▶ [SUPPLIED ENTRIES]
>>>>

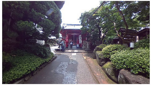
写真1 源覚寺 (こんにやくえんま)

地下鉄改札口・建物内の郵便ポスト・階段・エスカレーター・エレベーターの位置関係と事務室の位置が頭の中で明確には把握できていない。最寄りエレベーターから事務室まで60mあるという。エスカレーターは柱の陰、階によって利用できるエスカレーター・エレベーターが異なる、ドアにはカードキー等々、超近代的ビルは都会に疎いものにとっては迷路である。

<<<<
>>>>

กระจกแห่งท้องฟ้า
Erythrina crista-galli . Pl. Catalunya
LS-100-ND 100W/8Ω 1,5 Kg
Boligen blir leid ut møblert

<<<<
>>>>

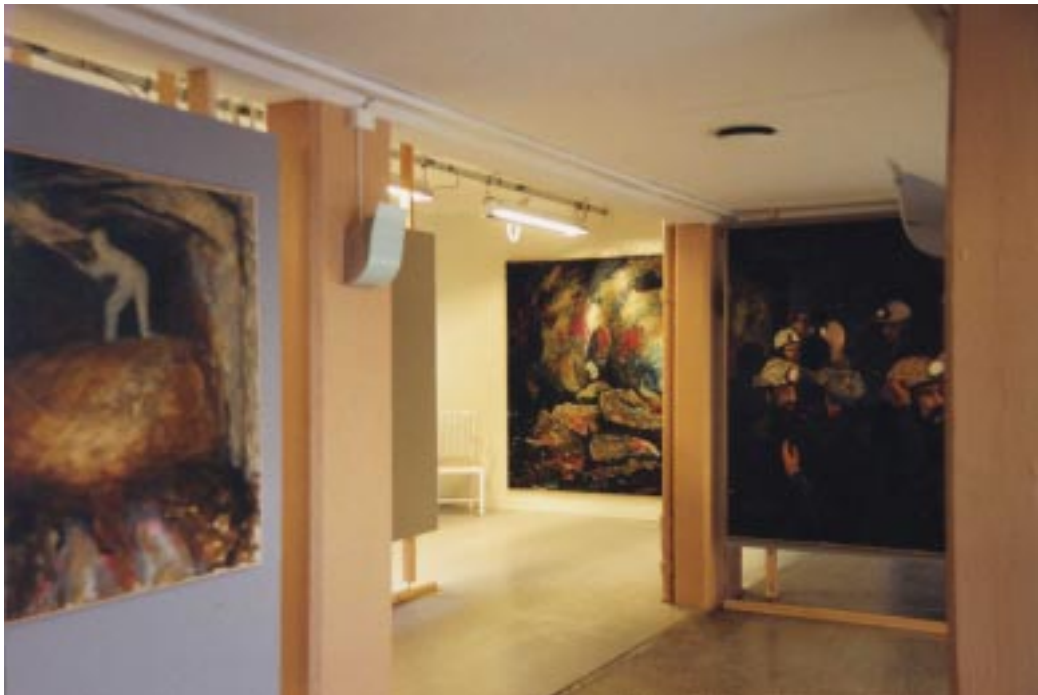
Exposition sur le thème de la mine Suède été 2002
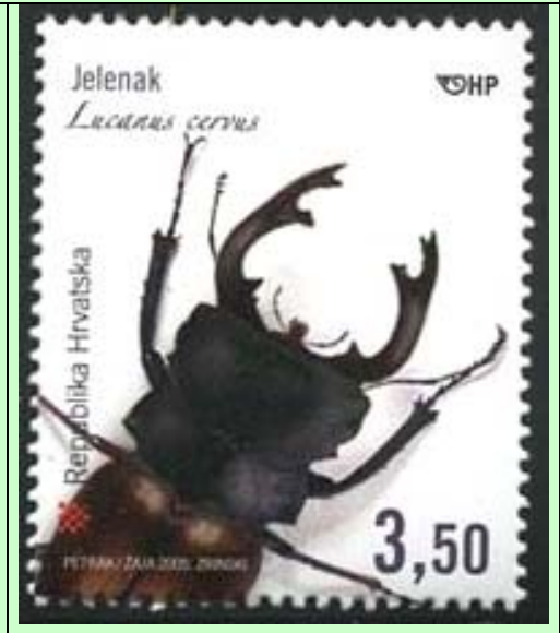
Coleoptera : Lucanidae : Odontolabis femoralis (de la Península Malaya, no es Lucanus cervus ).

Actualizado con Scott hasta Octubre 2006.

<<<<

▶ [EXERCISE PROMPT] Look back at the entries above. Retype the line with "LS-100-ND 100W/8Ω 1,5 Kg", the line with "Boligen blir leid ut møblert", and all lines in between.

▶ [PROBLEM SOLUTION]
LS-100-ND 100W/8Ω 1,5 Kg
Boligen blir leid ut møblert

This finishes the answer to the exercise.